DESCRIPTION OF THE FIGURES
[0039] FIG. 1 discloses a deployment scenario for implicit target
wake time (TWT) assignment functionality in accordance with at
least one example embodiment of the present invention.
[0040] FIG. 2 discloses a hierarchical addressing for implicit TWT
assignment functionality in accordance with at least one example
embodiment of the present invention.
[0041] FIG. 3 discloses TWT hierarchical addressing correspondence
in accordance with at least one example embodiment of the present
invention.
[0042] FIG. 4 discloses an Association Identifier (AID)-TWT
correlation calculation by a station (STA) in accordance with at
least one example embodiment of the present invention.
[0043] FIG. 5 discloses an AID-TWT correlation calculation by an
access point (AP) in accordance with at least one example
embodiment of the present invention.
[0044] FIG. 6 discloses a further AID-TWT correlation calculation
by a STA in accordance with at least one example embodiment of the
present invention.
[0045] FIG. 7 discloses a further AID-TWT correlation calculation
by an AP in accordance with at least one example embodiment of the
present invention.
[0046] FIG. 8 discloses a computer in accordance with at least one
example embodiment of the present invention.
[0047] FIG. 9A discloses a functional block diagram in accordance
with at least one example embodiment of the present invention.
[0048] FIG. 9B discloses a flow diagram in accordance with at least
one example embodiment of the present invention.
[0049] FIG. 9C discloses a further flow diagram in accordance with
at least one example embodiment of the present invention.
[0050] FIG. 10 discloses a further computer in accordance with at
least one example embodiment of the present invention.
DISCUSSION OF EXAMPLE EMBODIMENTS OF THE INVENTION
Implicit Target Wake Time Assignment--General Functionality
[0051] General implicit target wake time (TWT) assignment
functionality according to at least one example embodiment will now
be discussed.

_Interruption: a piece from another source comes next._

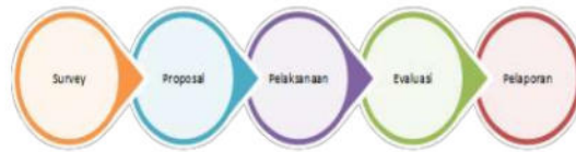
Gambar 2. Prosedur Pelaksanaan Pengabdian Kepada Masyarakat

pembiayaan Ultra Mikro kepada peserta. Peserta juga diberikan kesempatan untuk mengisi evaluasi pelaksanaan yang meliputi aspek keberlanjutan, aspek kognitif, aspek transparansi, dan aspek afektif, serta memberikan masukan serta hal yang paling mengesankan atas pelaksanaan pengabdian kepada masyarakat. Adapun Prosedur pelaksanaan aktivitas Pengabdian Kepada Masyarakat dapat dilihat pada gambar 2.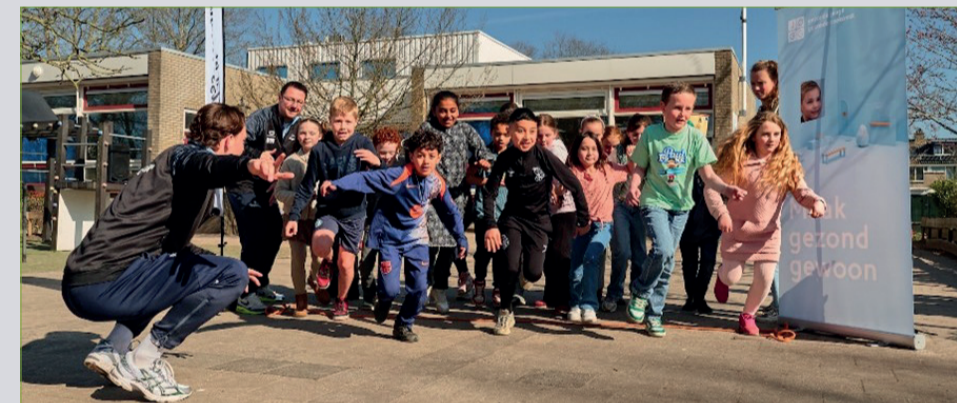
Leerlingen van de St. Jozefschool in actie

In een estafette-achtige opzet gaven leerlingen stappentellers door aan de volgende groep, waardoor het gezamenlijke aantal stappen steeds verder opliep. Met deze actie werd niet alleen ingezet op een nieuw record van 1,5 miljoen stappen, maar vooral op het vergroten van het plezier in bewegen en het belang van een actieve, gezonde leefstijl onder kinderen.

As discussed in greater detail herein, via such
functionality a station (STA) (e.g., a non-traffic indication map
(TIM) station) receiving (e.g., during association) an Association
Identifier (AID), and in various embodiments also a
discussed-herein duration, is able to determine therefrom its TWT
(e.g., stated as an offset relative to a target beacon transmission
time (TBTT)). The STA does not receive explicit indication of its
TWT, and as such does not receive explicit indication of its TWT
during association.
[0052] As an illustrative example of such functionality, shown in
FIG. 1 is a deployment scenario, according to at least one example
embodiment, for the implicit TWT assignment functionality now
discussed. Shown in FIG. 1 are Institute of Electrical and
Electronics Engineers (IEEE) 802.11ah-capable access point (AP)

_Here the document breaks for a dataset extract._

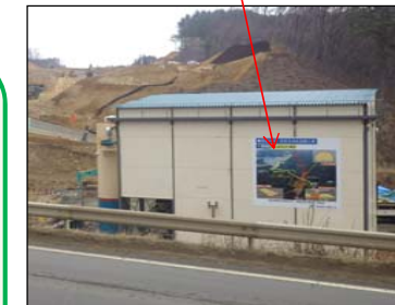
国道沿いで工事をしています

当工事は、新田平地区の国道の両側で工事を行っています。トンネル工事はこれからが最盛期となりますので品質の良い物を安全に造っていきます。地元や近隣の方々にはご協力をいただきながら、1日も早い復興道路の開通を目指し、『安全最優先』で施工しておりますので今後ご理解、協力の程よろしくお願いいたします。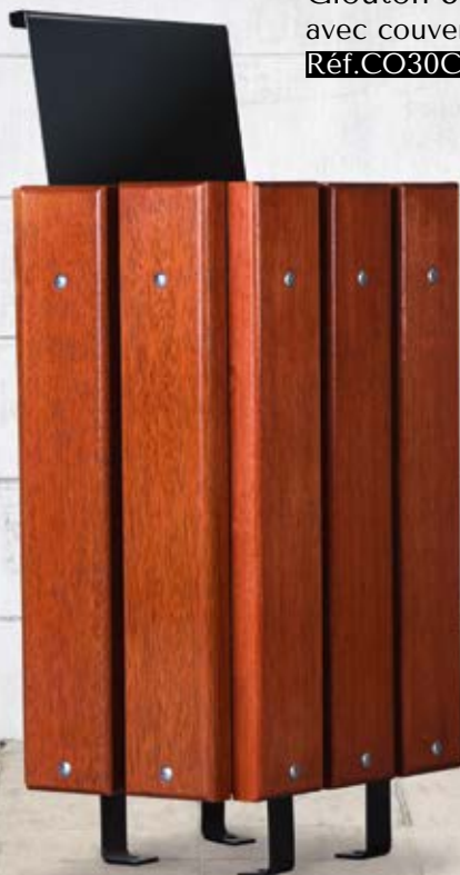
Glouton 30 L avec couvercle Réf.CO30C

(101), TIM STAs 103 and 105, and non-TIM STAs 107 and 109.
[0053] Further according to the illustrative example, AP (101)

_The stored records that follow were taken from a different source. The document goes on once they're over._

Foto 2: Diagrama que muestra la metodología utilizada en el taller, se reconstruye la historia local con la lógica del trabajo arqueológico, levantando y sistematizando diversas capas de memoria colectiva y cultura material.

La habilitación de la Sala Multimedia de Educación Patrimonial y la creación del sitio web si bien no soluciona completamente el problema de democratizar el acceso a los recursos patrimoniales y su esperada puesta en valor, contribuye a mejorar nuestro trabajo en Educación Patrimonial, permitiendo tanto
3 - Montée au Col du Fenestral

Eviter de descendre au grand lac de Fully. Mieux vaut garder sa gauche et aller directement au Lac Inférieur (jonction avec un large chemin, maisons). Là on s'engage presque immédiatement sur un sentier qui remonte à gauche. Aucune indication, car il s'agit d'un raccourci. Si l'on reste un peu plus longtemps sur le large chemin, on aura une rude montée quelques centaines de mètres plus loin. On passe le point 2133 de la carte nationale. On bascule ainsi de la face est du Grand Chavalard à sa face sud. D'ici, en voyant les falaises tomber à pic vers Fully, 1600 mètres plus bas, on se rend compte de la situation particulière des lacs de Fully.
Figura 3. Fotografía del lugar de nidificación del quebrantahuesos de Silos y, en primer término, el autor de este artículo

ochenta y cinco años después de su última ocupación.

buffers downlink data for STAs 103-109. TIM STAs 103 and 105 come
to learn that such buffered downlink data awaits them by decoding
beacons (111) (e.g., long and short beacons) which are dispatched
by AP (101). Non-TIM STAs 107 and 109, which as a non-limiting
example are power constrained, do not decode such beacons. By not
decoding beacons non-TIM STAs 107 and 109 garner a number of
potential benefits including power saving. As a non-limiting
example, one or more of STAs 103-109 are sensors.
[0054] Still further according to the illustrative example, non-TIM
STAs 107 and 109 each awaken (e.g., exit a power save mode) at its
corresponding TWT and, as appropriate, perform either or both of
dispatching (113) to AP (101) uplink traffic which it has buffered
while asleep (e.g., while in a power save mode) and retrieving
(115) downlink data from AP (101) which AP (101) has buffered while
the corresponding non-TIM STA was asleep (e.g., in a power save
mode). Optionally, a STA confirms the absence of traffic (e.g., via
carrier sense multiple access (CSMA)) prior to uplink and/or
downlink of buffered data at its TWT. In the case where a STA of
non-TIM STAs 107 and 109 when awakening both dispatches to AP (101)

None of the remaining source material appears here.